Power BI Data Profiling
You know it and I know it. Data quality is a BIG problem that reduces the business value of BI. ETL practitioners will probably recall that SSIS includes a comprehensive Data Profiling Task but it is somewhat difficult to set up, especially if you wanted to profile multiple tables. It saves the results in an xml file and then you could use the Data Profile Viewer to visualize the results.
Can we do something like this in Power BI? Starting with Power BI Desktop (October 2018) release you can. Well, sort of. Once you enable the column profiling preview feature, open the query behind any table and enable these options in the View ribbon.
You’ll get basic statistics showing the percentages of Valid, Error, and Empty values out of the sample size (the first 1,000 values).

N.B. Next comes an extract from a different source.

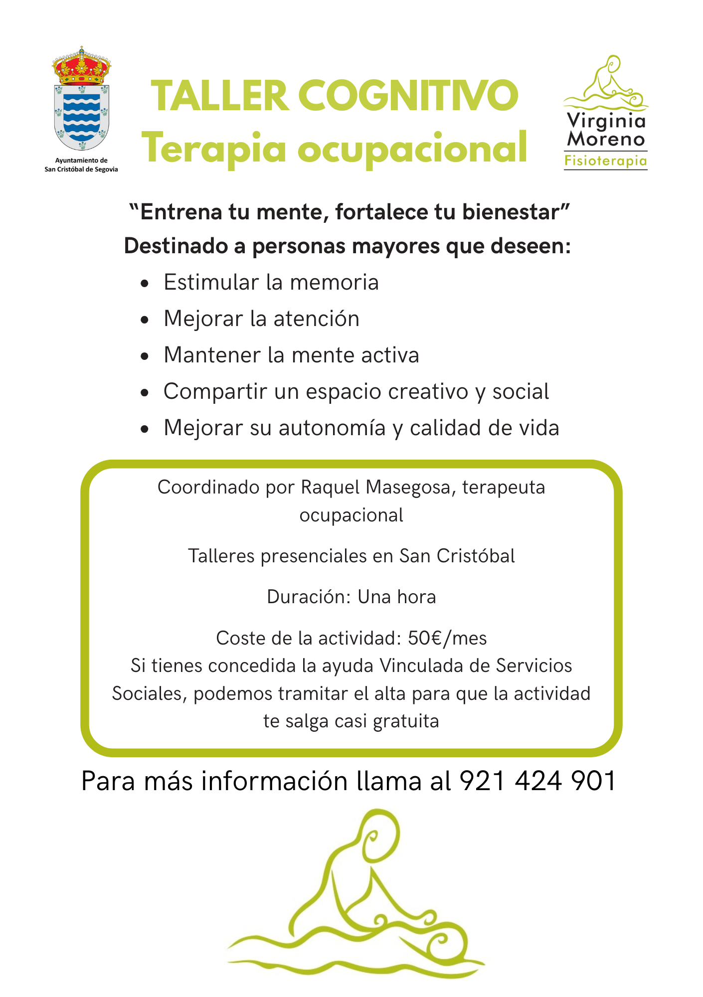 El Ayuntamiento de San Cristóbal de Segovia, en colaboración con Virginia Moreno Fisioterapia, pone en marcha un proyecto novedoso dirigido a personas con deterioro cognitivo. Se desarrollarán grupos de intervención con sesiones de terapia ocupacional y logopedia, diseñadas para estimular capacidades, favorecer la autonomía y mejorar la calidad de vida.
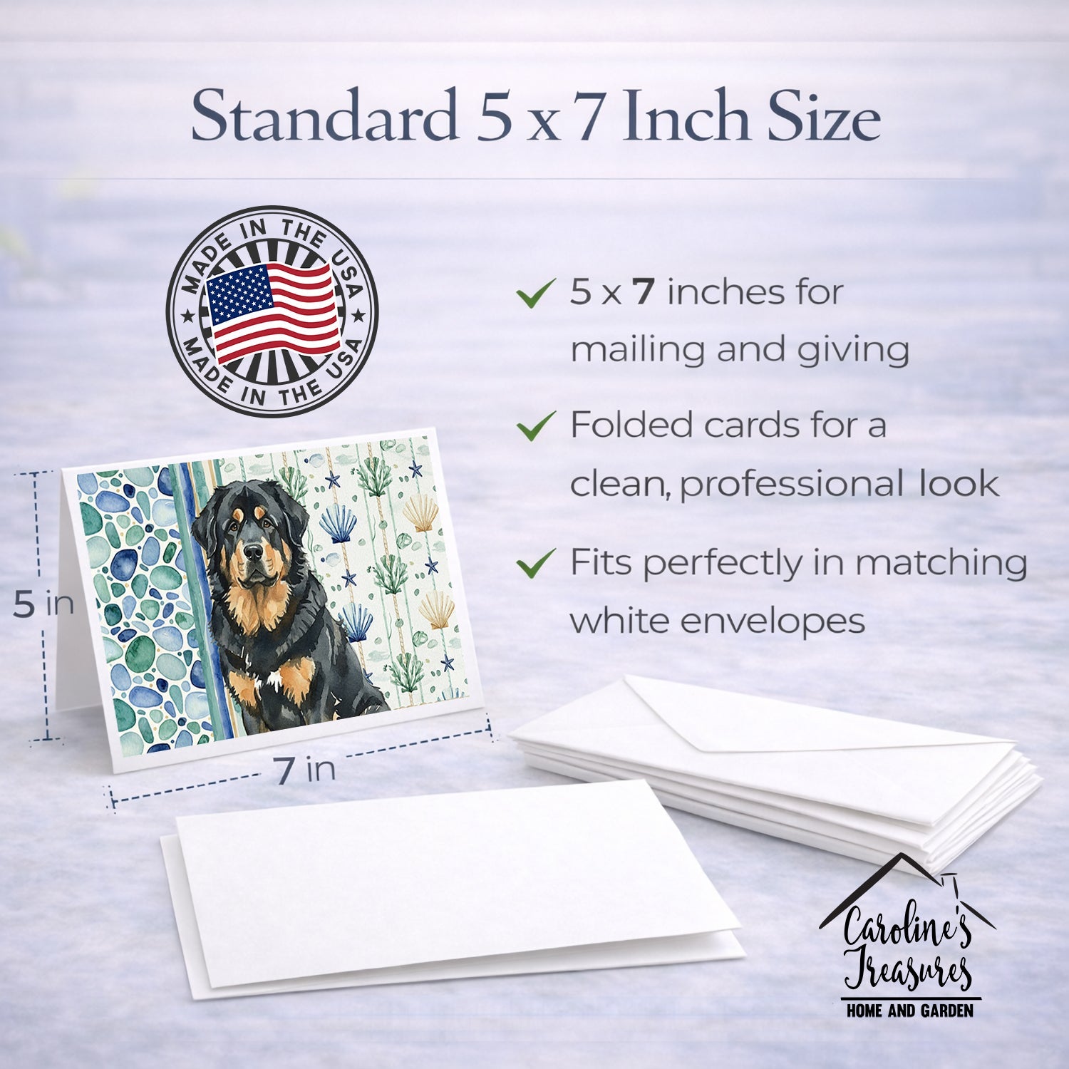 Shown here is the Black and Tan Tibetan Mastiff Coastal Sea Glass Greeting Cards Pack of 8 from Caroline's Treasures featuring artwork of a Tibetan Mastiff in a Everyday design. The detailed illustration and vibrant colors make it a standout accent that celebrates both seasonal style and love for the subject. This image features a calming coastal watercolor pattern with soft seashells, seaweed, starfish, and pebble-inspired accents arranged in a repeating design. The soothing palette of blues, greens, and sandy neutrals creates a relaxed, beach-inspired look that adds a fresh and tranquil feel to any space. Everyday décor celebrates personal style and the small moments that make a house feel like home. Thoughtful designs add warmth and personality that can be enjoyed year-round. Celebrate special moments with Caroline's Treasures Printed Greeting Card Pack. This pack includes eight beautifully folded 5x7 cards, accompanied by eight matching white envelopes. With blank interiors, these cards provide ample space for your personalized messages and heartfelt holiday greetings. Each card features captivating full-color artwork, meticulously printed in our facility on high-quality 80 lb cover stock or 216 GSM. The super smooth finish of the white cards enhances the visual impact of the artwork, creating a truly stunning presentation. Designed by our talented in-house artists or licensed artists, the artwork on these cards showcases their creativity and attention to detail. From vibrant illustrations to captivating designs, each card tells its own unique story. Whether it's for birthdays, anniversaries, holidays, or any special occasion, Caroline's Treasures Greeting Card Pack is the perfect way to convey your heartfelt sentiments. Share joy, love, and warm wishes with these exquisite cards and make every moment unforgettable. Perfect for: Writing personal messages, everyday correspondence, and thoughtful notes, Dogs-themed stationery collections, or year-round use for Tibetan Mastiff lovers. Tibetan Mastiffs are large guardian dogs known for their independence and protective instincts. This ancient breed is respected for its loyalty, strength, and calm vigilance. Makes a heartfelt gift for: Tibetan Mastiff owners, Dogs lovers, Everyday gifts, pet parents, friends who adore their Tibetan Mastiff, or anyone celebrating Dogs.

Here are definitions of these categories:
- Valid – Non-Error and Non-Empty values out of the sample size
- Error – Values with errors
- Empty – Empty values
Below you get a column chart (not shown in the screenshot) that shows the distribution of the sample size, but unfortunately it doesn’t show the actual values. That’s all data profiling you get for now. Here is what it will take to make Power BI data profiling a killer feature:
- Allow data profiling over all the values (understandably there will be performance impact).
- Add more aggregates, such as Min/Max/Std/Median.
- The ability to dynamically filter the preview data for the selected bar in the profile.